Earlier we defined fluid mechanics as the science that deals with the behavior of fluids at rest or in motion, and the interaction of fluids with solids or other fluids at the boundaries. There is a wide variety of fluid flow problems encountered in practice, and it is usually convenient to classify them on the basis of some common characteristics to make it feasible to study them in groups. There are many ways to classify fluid flow problems, and here we present some general categorie





Viscous versus Inviscid Regions of Flow 

When two fluid layers move relative to each other, a friction force develops between them and the slower layer tries to slow down the faster layer. This internal resistance to flow is quantified by the fluid property viscosity, which is a measure of internal stickiness of the fluid. Viscosity is caused by cohesive forces between the molecules in liquids and by molecular collisions in gases. There is no fluid with zero viscosity, and thus all fluid flows involve viscous effects to some degree. Flows in which the frictional effects are significant are called viscous flows.
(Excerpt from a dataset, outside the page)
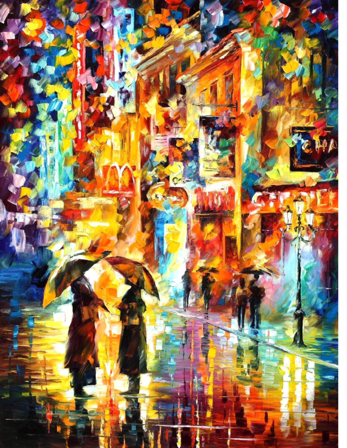 Afremov's style is modern impressionistic. He mainly uses palette knife and oils. He developed a unique technique and style, that makes it impossible to mistake his artwork for any other artist.

However, in many flows of practical interest, there are regions (typically regions not close to solid surfaces) where viscous forces are negligibly small compared to inertial or pressure forces. Neglecting the viscous terms in such inviscid flow regions greatly simplifies the analysis without much loss in accuracy. The development of viscous and inviscid regions of flow as a result of inserting a flat plate parallel into a fluid stream of uniform velocity is shown in Fig. 1–17. The fluid sticks to the plate on both sides because of the no-slip condition, and the thin boundary layer in which the viscous effects are significant near the plate surface is the viscous flow region. The region of flow on both sides away from the plate and largely unaffected by the presence of the plate is the inviscid flow region
24 Illustration of the strong interaction between viscous and ...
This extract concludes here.